Task instructions »
Line by line, return the material below exactly as it reads.

Data below »
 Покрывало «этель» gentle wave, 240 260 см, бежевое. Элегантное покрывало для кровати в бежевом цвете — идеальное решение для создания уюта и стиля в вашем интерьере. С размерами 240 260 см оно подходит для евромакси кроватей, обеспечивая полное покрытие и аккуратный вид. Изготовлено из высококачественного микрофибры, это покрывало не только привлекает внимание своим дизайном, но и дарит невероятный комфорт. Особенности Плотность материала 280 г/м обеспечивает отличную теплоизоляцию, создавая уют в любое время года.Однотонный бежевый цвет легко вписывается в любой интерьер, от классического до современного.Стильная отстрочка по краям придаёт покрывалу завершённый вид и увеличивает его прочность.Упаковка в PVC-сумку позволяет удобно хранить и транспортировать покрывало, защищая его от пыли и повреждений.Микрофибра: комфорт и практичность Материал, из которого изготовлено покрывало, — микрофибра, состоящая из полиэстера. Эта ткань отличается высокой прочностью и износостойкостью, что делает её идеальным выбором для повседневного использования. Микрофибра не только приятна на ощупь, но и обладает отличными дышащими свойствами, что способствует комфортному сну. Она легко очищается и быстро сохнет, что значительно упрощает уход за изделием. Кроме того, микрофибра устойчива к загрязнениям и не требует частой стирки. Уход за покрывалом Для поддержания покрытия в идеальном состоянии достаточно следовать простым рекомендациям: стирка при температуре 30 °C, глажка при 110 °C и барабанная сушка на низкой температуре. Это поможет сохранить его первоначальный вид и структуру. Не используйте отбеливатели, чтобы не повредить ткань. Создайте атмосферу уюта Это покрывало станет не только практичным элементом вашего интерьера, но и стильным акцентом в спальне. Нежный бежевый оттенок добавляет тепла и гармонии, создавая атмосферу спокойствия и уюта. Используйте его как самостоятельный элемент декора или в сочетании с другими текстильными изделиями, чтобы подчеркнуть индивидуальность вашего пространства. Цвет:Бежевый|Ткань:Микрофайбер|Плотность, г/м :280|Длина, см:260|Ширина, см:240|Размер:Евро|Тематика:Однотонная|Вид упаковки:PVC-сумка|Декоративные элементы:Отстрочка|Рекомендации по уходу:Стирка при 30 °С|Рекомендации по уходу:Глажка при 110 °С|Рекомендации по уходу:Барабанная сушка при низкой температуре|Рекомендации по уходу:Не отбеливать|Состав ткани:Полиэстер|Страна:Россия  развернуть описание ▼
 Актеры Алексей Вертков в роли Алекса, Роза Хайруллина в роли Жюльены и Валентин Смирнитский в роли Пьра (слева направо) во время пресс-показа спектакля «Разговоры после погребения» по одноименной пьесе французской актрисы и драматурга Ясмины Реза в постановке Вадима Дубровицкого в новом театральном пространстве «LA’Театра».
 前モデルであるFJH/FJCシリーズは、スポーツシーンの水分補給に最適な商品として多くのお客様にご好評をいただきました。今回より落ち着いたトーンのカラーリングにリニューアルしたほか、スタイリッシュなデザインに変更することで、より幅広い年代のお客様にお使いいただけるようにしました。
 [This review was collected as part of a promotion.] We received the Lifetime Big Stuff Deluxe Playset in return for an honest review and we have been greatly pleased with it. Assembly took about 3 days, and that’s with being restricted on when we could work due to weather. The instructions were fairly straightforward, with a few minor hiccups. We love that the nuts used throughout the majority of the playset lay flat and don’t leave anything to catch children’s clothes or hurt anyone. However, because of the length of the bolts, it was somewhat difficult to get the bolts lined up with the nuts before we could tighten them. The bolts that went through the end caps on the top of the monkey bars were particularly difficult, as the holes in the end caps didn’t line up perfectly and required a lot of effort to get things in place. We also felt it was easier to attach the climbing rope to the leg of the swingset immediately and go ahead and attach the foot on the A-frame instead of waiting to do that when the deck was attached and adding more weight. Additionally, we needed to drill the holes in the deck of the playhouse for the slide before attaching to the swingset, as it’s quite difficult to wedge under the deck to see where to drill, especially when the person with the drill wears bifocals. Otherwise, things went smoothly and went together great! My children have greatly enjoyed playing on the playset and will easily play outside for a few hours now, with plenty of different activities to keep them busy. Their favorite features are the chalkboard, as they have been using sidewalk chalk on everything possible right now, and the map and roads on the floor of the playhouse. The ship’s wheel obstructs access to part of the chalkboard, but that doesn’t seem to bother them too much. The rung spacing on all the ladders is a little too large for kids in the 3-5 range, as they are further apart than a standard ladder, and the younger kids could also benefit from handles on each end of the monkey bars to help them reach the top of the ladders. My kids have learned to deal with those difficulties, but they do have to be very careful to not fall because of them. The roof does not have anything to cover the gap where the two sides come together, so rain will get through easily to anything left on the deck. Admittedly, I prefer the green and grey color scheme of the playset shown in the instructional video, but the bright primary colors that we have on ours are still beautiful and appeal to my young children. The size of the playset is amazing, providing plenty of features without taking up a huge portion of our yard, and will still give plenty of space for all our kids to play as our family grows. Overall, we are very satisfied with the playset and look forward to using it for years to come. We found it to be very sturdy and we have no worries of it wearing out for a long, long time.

Response box »
 Покрывало «этель» gentle wave, 240 260 см, бежевое. Элегантное покрывало для кровати в бежевом цвете — идеальное решение для создания уюта и стиля в вашем интерьере. С размерами 240 260 см оно подходит для евромакси кроватей, обеспечивая полное покрытие и аккуратный вид. Изготовлено из высококачественного микрофибры, это покрывало не только привлекает внимание своим дизайном, но и дарит невероятный комфорт. Особенности Плотность материала 280 г/м обеспечивает отличную теплоизоляцию, создавая уют в любое время года.Однотонный бежевый цвет легко вписывается в любой интерьер, от классического до современного.Стильная отстрочка по краям придаёт покрывалу завершённый вид и увеличивает его прочность.Упаковка в PVC-сумку позволяет удобно хранить и транспортировать покрывало, защищая его от пыли и повреждений.Микрофибра: комфорт и практичность Материал, из которого изготовлено покрывало, — микрофибра, состоящая из полиэстера. Эта ткань отличается высокой прочностью и износостойкостью, что делает её идеальным выбором для повседневного использования. Микрофибра не только приятна на ощупь, но и обладает отличными дышащими свойствами, что способствует комфортному сну. Она легко очищается и быстро сохнет, что значительно упрощает уход за изделием. Кроме того, микрофибра устойчива к загрязнениям и не требует частой стирки. Уход за покрывалом Для поддержания покрытия в идеальном состоянии достаточно следовать простым рекомендациям: стирка при температуре 30 °C, глажка при 110 °C и барабанная сушка на низкой температуре. Это поможет сохранить его первоначальный вид и структуру. Не используйте отбеливатели, чтобы не повредить ткань. Создайте атмосферу уюта Это покрывало станет не только практичным элементом вашего интерьера, но и стильным акцентом в спальне. Нежный бежевый оттенок добавляет тепла и гармонии, создавая атмосферу спокойствия и уюта. Используйте его как самостоятельный элемент декора или в сочетании с другими текстильными изделиями, чтобы подчеркнуть индивидуальность вашего пространства. Цвет:Бежевый|Ткань:Микрофайбер|Плотность, г/м :280|Длина, см:260|Ширина, см:240|Размер:Евро|Тематика:Однотонная|Вид упаковки:PVC-сумка|Декоративные элементы:Отстрочка|Рекомендации по уходу:Стирка при 30 °С|Рекомендации по уходу:Глажка при 110 °С|Рекомендации по уходу:Барабанная сушка при низкой температуре|Рекомендации по уходу:Не отбеливать|Состав ткани:Полиэстер|Страна:Россия  развернуть описание ▼
 Актеры Алексей Вертков в роли Алекса, Роза Хайруллина в роли Жюльены и Валентин Смирнитский в роли Пьра (слева направо) во время пресс-показа спектакля «Разговоры после погребения» по одноименной пьесе французской актрисы и драматурга Ясмины Реза в постановке Вадима Дубровицкого в новом театральном пространстве «LA’Театра».
 前モデルであるFJH/FJCシリーズは、スポーツシーンの水分補給に最適な商品として多くのお客様にご好評をいただきました。今回より落ち着いたトーンのカラーリングにリニューアルしたほか、スタイリッシュなデザインに変更することで、より幅広い年代のお客様にお使いいただけるようにしました。
 [This review was collected as part of a promotion.] We received the Lifetime Big Stuff Deluxe Playset in return for an honest review and we have been greatly pleased with it. Assembly took about 3 days, and that’s with being restricted on when we could work due to weather. The instructions were fairly straightforward, with a few minor hiccups. We love that the nuts used throughout the majority of the playset lay flat and don’t leave anything to catch children’s clothes or hurt anyone. However, because of the length of the bolts, it was somewhat difficult to get the bolts lined up with the nuts before we could tighten them. The bolts that went through the end caps on the top of the monkey bars were particularly difficult, as the holes in the end caps didn’t line up perfectly and required a lot of effort to get things in place. We also felt it was easier to attach the climbing rope to the leg of the swingset immediately and go ahead and attach the foot on the A-frame instead of waiting to do that when the deck was attached and adding more weight. Additionally, we needed to drill the holes in the deck of the playhouse for the slide before attaching to the swingset, as it’s quite difficult to wedge under the deck to see where to drill, especially when the person with the drill wears bifocals. Otherwise, things went smoothly and went together great! My children have greatly enjoyed playing on the playset and will easily play outside for a few hours now, with plenty of different activities to keep them busy. Their favorite features are the chalkboard, as they have been using sidewalk chalk on everything possible right now, and the map and roads on the floor of the playhouse. The ship’s wheel obstructs access to part of the chalkboard, but that doesn’t seem to bother them too much. The rung spacing on all the ladders is a little too large for kids in the 3-5 range, as they are further apart than a standard ladder, and the younger kids could also benefit from handles on each end of the monkey bars to help them reach the top of the ladders. My kids have learned to deal with those difficulties, but they do have to be very careful to not fall because of them. The roof does not have anything to cover the gap where the two sides come together, so rain will get through easily to anything left on the deck. Admittedly, I prefer the green and grey color scheme of the playset shown in the instructional video, but the bright primary colors that we have on ours are still beautiful and appeal to my young children. The size of the playset is amazing, providing plenty of features without taking up a huge portion of our yard, and will still give plenty of space for all our kids to play as our family grows. Overall, we are very satisfied with the playset and look forward to using it for years to come. We found it to be very sturdy and we have no worries of it wearing out for a long, long time.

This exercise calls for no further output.